* _Task objective_:
Every record below is to be copied exactly, with its images omitted.

Records from a dataset
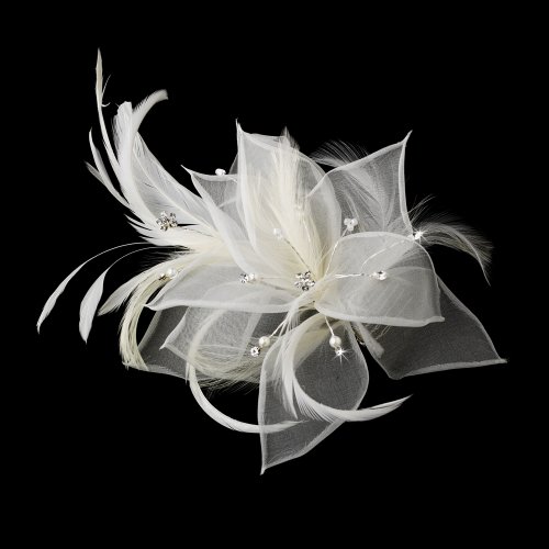 - Faux pearls, rhinestones, and seed beads subtly accent the mesh fabric flowers and stunning feathers in this piece.
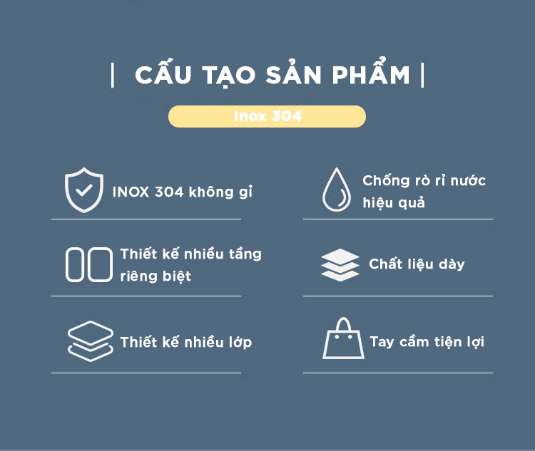 Thông tin sản phẩm Hộp cơm giữ nhiệt 3 tầng 3 khay: Cấu tạo: - 1 hộp trụ, với 3 khay riêng biệt bên trong, chia làm 3 lớp/tầng - Phần thân cấu tạo bởi
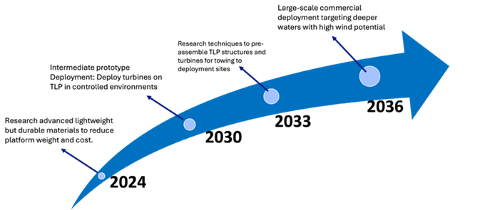 Our ultimate target is to provide mobile nuclear fission reactor units that can be part of a power grid to support continuous human presence on the Moon and eventually on Mars. To do so, we target to be able to demonstrate 40kW system that can last 10 years on the lunar surface using High Assay Low Enriched Uranium (HALEU) by 2025, which aligns with the goals of the NASA Fission Surface Power program that falls under the Artemis program umbrella. By 2028, which is ~5 years from the present day, we target to have flight-ready hardware that is ready for integrated testing with launch vehicles and lead to our first flight test. By ~2030, we aim to demonstrate our nuclear fission reactor system on the Lunar surface, which will lead to a power grid system design on the lunar surface. Our goal is to also provide scalable mobile nuclear fission reactors (by power output) to accommodate future mission requirements and power grid designs. By 2040 and beyond, our target is to have operational surface fission reactors that support continuous presence on the Moon and Mars. These targets are summarized and captured in the "Swoosh Chart" shown below.
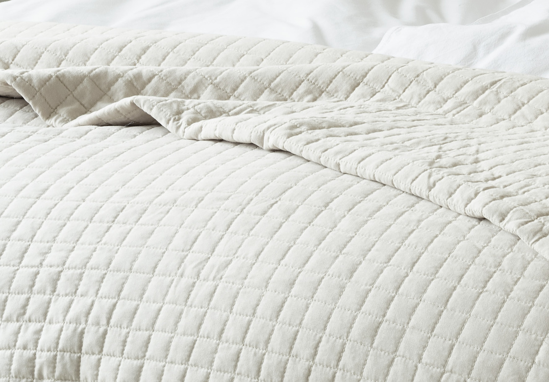 Ett quiltat sängöverkast tillverkat av polyester med en mjuk fyllning. Sängöverkastet har måttet 250×250 cm och passar för dubbelsäng. Finns i färgerna vit, grå och beige. Sängöverkastet finns även i storlek för enkelsäng.
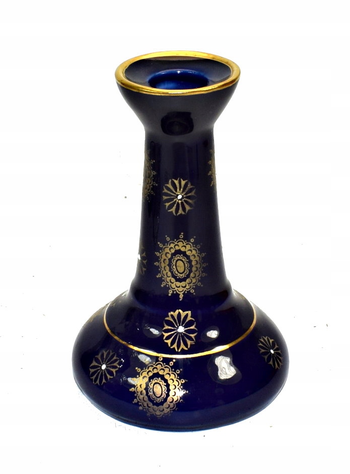 Я предлагаю старый подсвечник, сделанный из белого фарфора, украшенного кобальтом и позолочкой.
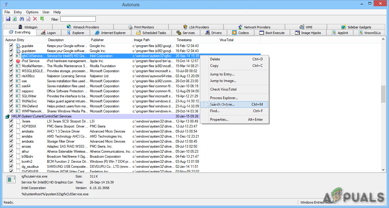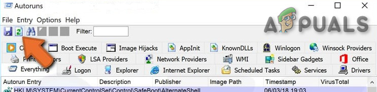 List by the Autoruns Application after Refresh - Carefully check the list provided by the Autoruns application, & locate the malicious file that has to be removed.
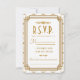 Diese UAWG-Antwortkarten sind mit einer weißen und goldenen Farbpalette, einem geometrischen Rahmen, geometrischen Mustern und anderen stilistischen Details ausgestattet, die alle durch Art Deco und die rauschenden Zwanziger inspiriert sind. Sie können die Textfelder des Beispiels nach Ihren Wünschen anpassen.
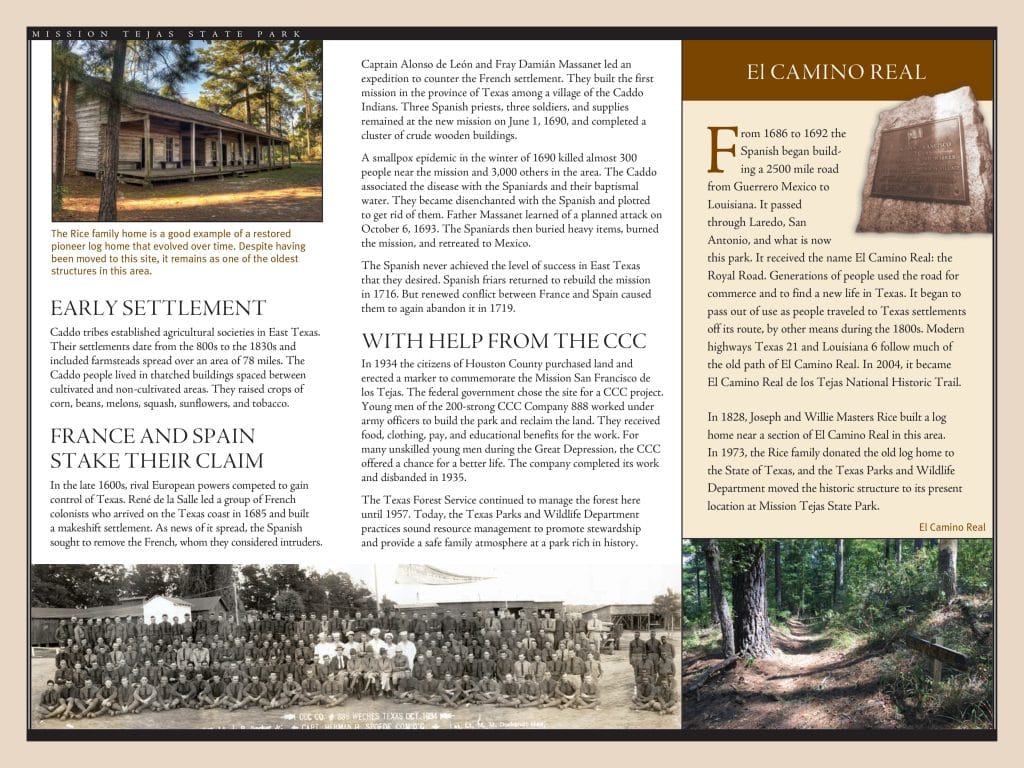 In the 1600s, the Spanish traveled 2,500 miles from Mexico to Louisiana, passing through this very park, on a route called El Camino Real: The Royal Road. In the early 2000s, this road became known as El Camino Real de los Tejas National Historic Trail.

* _Answer box_:
 - Faux pearls, rhinestones, and seed beads subtly accent the mesh fabric flowers and stunning feathers in this piece.
 Thông tin sản phẩm Hộp cơm giữ nhiệt 3 tầng 3 khay: Cấu tạo: - 1 hộp trụ, với 3 khay riêng biệt bên trong, chia làm 3 lớp/tầng - Phần thân cấu tạo bởi
 Our ultimate target is to provide mobile nuclear fission reactor units that can be part of a power grid to support continuous human presence on the Moon and eventually on Mars. To do so, we target to be able to demonstrate 40kW system that can last 10 years on the lunar surface using High Assay Low Enriched Uranium (HALEU) by 2025, which aligns with the goals of the NASA Fission Surface Power program that falls under the Artemis program umbrella. By 2028, which is ~5 years from the present day, we target to have flight-ready hardware that is ready for integrated testing with launch vehicles and lead to our first flight test. By ~2030, we aim to demonstrate our nuclear fission reactor system on the Lunar surface, which will lead to a power grid system design on the lunar surface. Our goal is to also provide scalable mobile nuclear fission reactors (by power output) to accommodate future mission requirements and power grid designs. By 2040 and beyond, our target is to have operational surface fission reactors that support continuous presence on the Moon and Mars. These targets are summarized and captured in the "Swoosh Chart" shown below.
 Ett quiltat sängöverkast tillverkat av polyester med en mjuk fyllning. Sängöverkastet har måttet 250×250 cm och passar för dubbelsäng. Finns i färgerna vit, grå och beige. Sängöverkastet finns även i storlek för enkelsäng.
 Я предлагаю старый подсвечник, сделанный из белого фарфора, украшенного кобальтом и позолочкой.
 List by the Autoruns Application after Refresh - Carefully check the list provided by the Autoruns application, & locate the malicious file that has to be removed.
 Diese UAWG-Antwortkarten sind mit einer weißen und goldenen Farbpalette, einem geometrischen Rahmen, geometrischen Mustern und anderen stilistischen Details ausgestattet, die alle durch Art Deco und die rauschenden Zwanziger inspiriert sind. Sie können die Textfelder des Beispiels nach Ihren Wünschen anpassen.
 In the 1600s, the Spanish traveled 2,500 miles from Mexico to Louisiana, passing through this very park, on a route called El Camino Real: The Royal Road. In the early 2000s, this road became known as El Camino Real de los Tejas National Historic Trail.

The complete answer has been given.